Task description ▸
Pick out each line of the records in which the word "private" appears.

Working data ▸

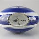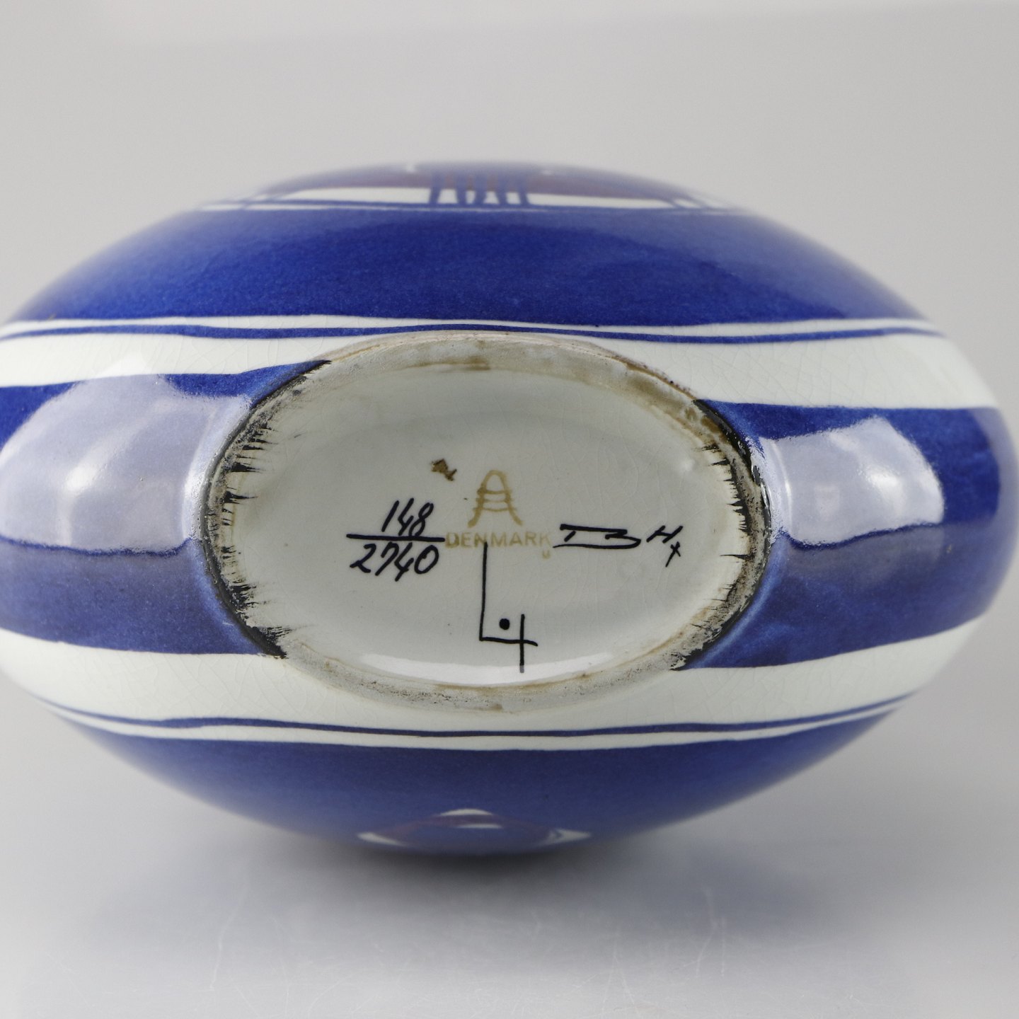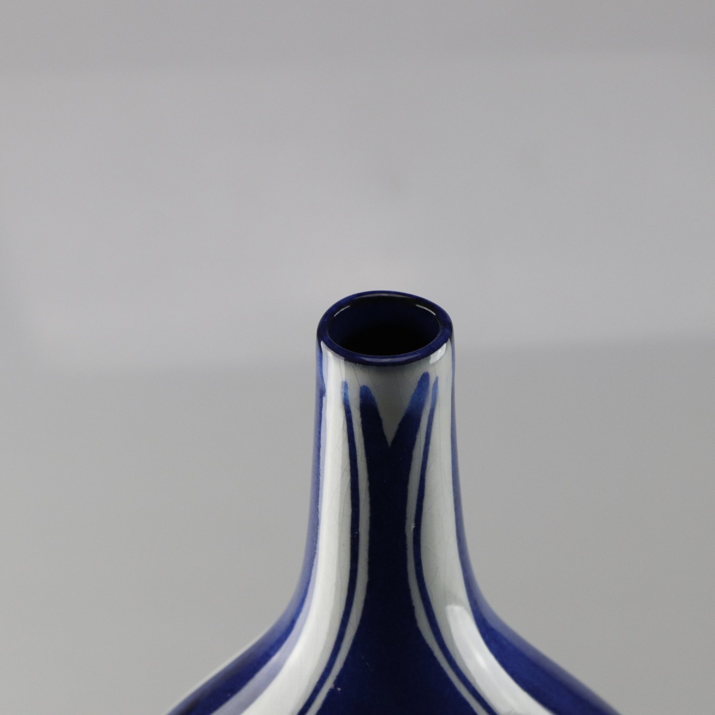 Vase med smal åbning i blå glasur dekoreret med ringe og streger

* * *

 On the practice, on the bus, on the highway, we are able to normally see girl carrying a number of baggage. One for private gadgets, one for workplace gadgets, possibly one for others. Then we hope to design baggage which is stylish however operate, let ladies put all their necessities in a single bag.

--

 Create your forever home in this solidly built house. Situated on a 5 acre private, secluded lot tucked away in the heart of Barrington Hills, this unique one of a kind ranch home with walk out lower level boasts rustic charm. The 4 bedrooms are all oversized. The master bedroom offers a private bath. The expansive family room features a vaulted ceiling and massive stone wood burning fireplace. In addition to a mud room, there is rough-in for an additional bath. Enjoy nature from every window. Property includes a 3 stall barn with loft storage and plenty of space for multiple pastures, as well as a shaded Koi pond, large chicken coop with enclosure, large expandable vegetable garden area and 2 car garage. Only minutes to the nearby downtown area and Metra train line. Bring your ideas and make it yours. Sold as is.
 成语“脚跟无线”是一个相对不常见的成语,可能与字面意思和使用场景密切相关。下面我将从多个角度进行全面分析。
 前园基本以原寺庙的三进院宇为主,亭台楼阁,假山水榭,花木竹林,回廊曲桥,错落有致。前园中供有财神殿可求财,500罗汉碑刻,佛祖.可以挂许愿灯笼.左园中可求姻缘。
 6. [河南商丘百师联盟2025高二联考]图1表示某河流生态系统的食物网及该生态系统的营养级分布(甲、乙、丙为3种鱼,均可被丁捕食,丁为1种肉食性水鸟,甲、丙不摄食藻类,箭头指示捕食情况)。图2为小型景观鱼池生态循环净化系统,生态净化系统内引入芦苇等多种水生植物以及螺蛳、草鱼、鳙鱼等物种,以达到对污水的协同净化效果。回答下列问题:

Reply to the exercise ▸
 On the practice, on the bus, on the highway, we are able to normally see girl carrying a number of baggage. One for private gadgets, one for workplace gadgets, possibly one for others. Then we hope to design baggage which is stylish however operate, let ladies put all their necessities in a single bag.
 Create your forever home in this solidly built house. Situated on a 5 acre private, secluded lot tucked away in the heart of Barrington Hills, this unique one of a kind ranch home with walk out lower level boasts rustic charm. The 4 bedrooms are all oversized. The master bedroom offers a private bath. The expansive family room features a vaulted ceiling and massive stone wood burning fireplace. In addition to a mud room, there is rough-in for an additional bath. Enjoy nature from every window. Property includes a 3 stall barn with loft storage and plenty of space for multiple pastures, as well as a shaded Koi pond, large chicken coop with enclosure, large expandable vegetable garden area and 2 car garage. Only minutes to the nearby downtown area and Metra train line. Bring your ideas and make it yours. Sold as is.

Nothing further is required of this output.